Our work was completed before the recent concerns over COVID-19 deaths in care homes became prominent and was not designed to address this issue. It was designed instead to determine whether, since the presence of long-term conditions and multimorbidity are common among people who died from COVID-19, the years of life lost among people dying from COVID-19 can be assumed to be low. Our findings demonstrate that this is not the case.
Since inclusion in the Welsh dataset simply required having been being registered with a participating general practice (GP), and since all care home residents in the UK are registered with a local GP, people resident in care homes will have been included in our survival models. Moreover, although the comorbidity prevalence data from the ISS reports was based solely on hospitalised patients, the age-sex distribution from the ISS reports included anyone who died from COVID-19 provided they had tested positive for SARS CoV2. Therefore, care home residents will have contributed to the average YLL in the estimates we produced.
Nonetheless, we strongly agree that care home residents, are a special population, in whom more severe disease, multimorbidity and frailty are likely to be commoner.
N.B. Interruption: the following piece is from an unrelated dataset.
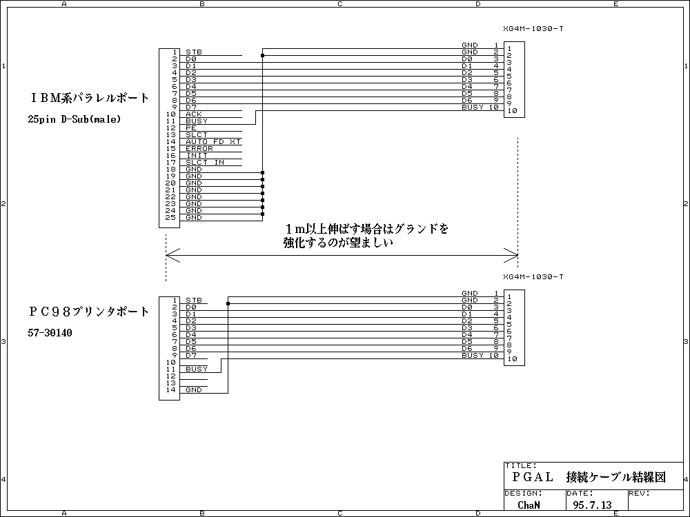 もしも動作が安定しない場合(違うピンが変化してしまうなど)は、グランドバウンスによるものと思われます。本器ではBUSYラインの駆動出力にCRをかましてグランドバウンスの低減を図っていますが、パラレルポートに接続するケーブルによっては誤動作する場合があります。補助的に10cm程度の線で本器の GNDとパラレルポートコネクタの金属部をつないでみて安定するようならそれが原因です。ケーブルを交換するかCRのRを100Ω程度まで変えてみてください。

We also agree that there are good biological reasons for suspecting that care home residents may be over-represented among COVID-19 deaths compared to other causes of death (because it is an infectious disease and people in care homes are in a communal residence), and that the inclusion of more care home residents would likely have lowered the YLL in our analyses. Therefore, we would argue that the best approach for determining life expectancy in this group would be to estimate it using data which includes care home residency status.